# Is there an antidote...?!



## andyt23 (Nov 24, 2013)

Evening coffee fans - having hit the road for a 250 mile drive today, I overdid the coffee a bit along the way 'just to make sure' and I'm left feeling decidedly jittery/little bit queasy after getting home and automatically making myself another one!

Just wondering, if you find yourselves having a bit too much occasionally, what do you do about it?

Anyone got any creative antidotes for a coffee buzz out there that they swear by?


----------



## Iwwstriker (Dec 6, 2013)

You're abusing drugs!!! Oh well, we all did. Drink plenty of water and stop coffee for one day, at least, to clear out the caffeine. That's usually what I do. Oh yeah, drink tea for once in a while. It tends to help me a lot.


----------



## Glenn (Jun 14, 2008)

Sausage rolls and a good IPA usually helps

Last night I had a gorgeous glass of red (after the equivalent of 12 espressos throughout the day)


----------



## El carajillo (Mar 16, 2013)

Are sausage rolls IPA and good red wine a universal panacea for what ails you ??? Sounds good to me Glenn


----------



## andyt23 (Nov 24, 2013)

Ah that's more like it (sorry Ivan, water and TEA - more caffeine?? - ain't gonna cut it







, although I am on the water now...)

I do like the sound of sausage rolls and ale!!


----------



## fatboyslim (Sep 29, 2011)

I've had about 6 double espressos today about maybe 4 litres of water to counter balance that.

Its all about preemptive water consumption, a huge roast dinner and then cake to dilute the caffeine.


----------



## andyt23 (Nov 24, 2013)

I think that's definitely where I went wrong, being on the road - lack of water or a hearty meal.

pretty much the same rules as for alcohol abuse then...


----------



## urbanbumpkin (Jan 30, 2013)

Another vote for water from me.

Although I do like the approach from Dr Glenn's crooked practice







alcohol and sausages to beat the melancholy jitters!


----------



## gman147 (Jul 7, 2012)

Food and in the worst case, alcohol (which slows the heart).

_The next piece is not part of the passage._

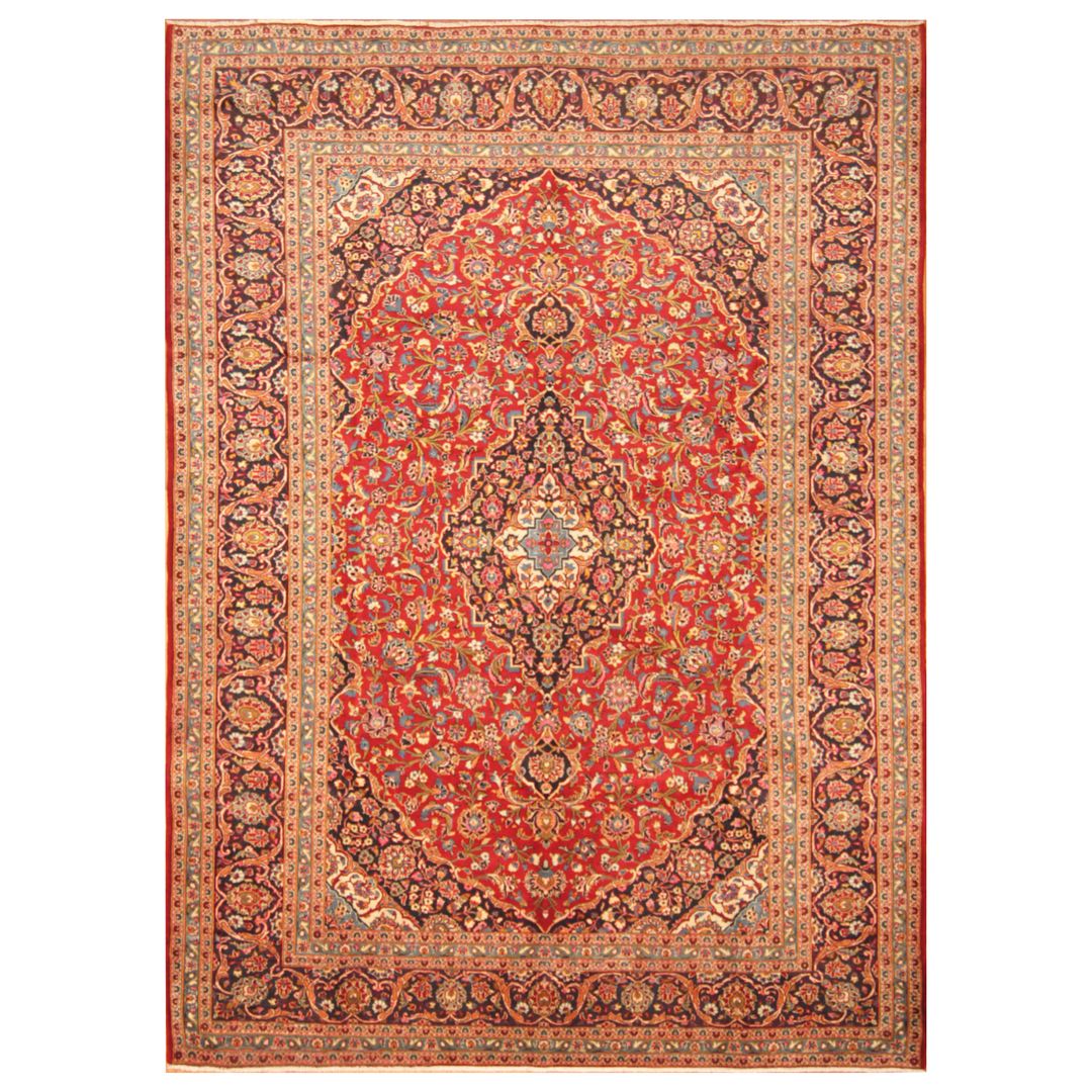 Kashan is a historic city in the province of Isfahan. This region is famous for their rug weaving, which goes back to the Safavieh dynasty workshop rugs that were created in Kashan county. Most of the older rugs that were woven in Kashan used imported wool. This particular rug was made by village weavers in Kashan using high quality wool from locally raised sheep. The process of making a rug includes cleaning, washing and dyeing and then weaving the wool which is sourced from local villages.

As said before, lots of water in general.


----------



## drude (Apr 22, 2013)

Peppermint tea is worth a try too


----------



## Iwwstriker (Dec 6, 2013)

Hahaha, I meant chinese tea. Those herbal types, they are pretty good for health too. Chrysanthemums tea, something like that. Not tea that one usually drink with sugar. =) And yes, water, lots and lots of water. =D


----------



## andyt23 (Nov 24, 2013)

I'm now a beef stir fry and lots of water into my recovery and feeling a lot better.

I'm almost ready to make the trip down to my garage for a cool bottle of ale to complete the process (just to make sure.










phew.

...and maybe some cake.


----------



## ShortShots (Oct 2, 2013)

drude said:


> Peppermint tea is worth a try too


another vote for this, if possible liquorice and peppermint tea. never fails to bring me back down after a heavy session. Although evening ales definitely get another vote too!


----------



## michaelg (Jul 25, 2013)

Yup another vote for a few nice ales - coffee to get going, go, beer to slow down again. Obviously not all the time. Please consult your GP before starting a new diet or exercise regime etc...


----------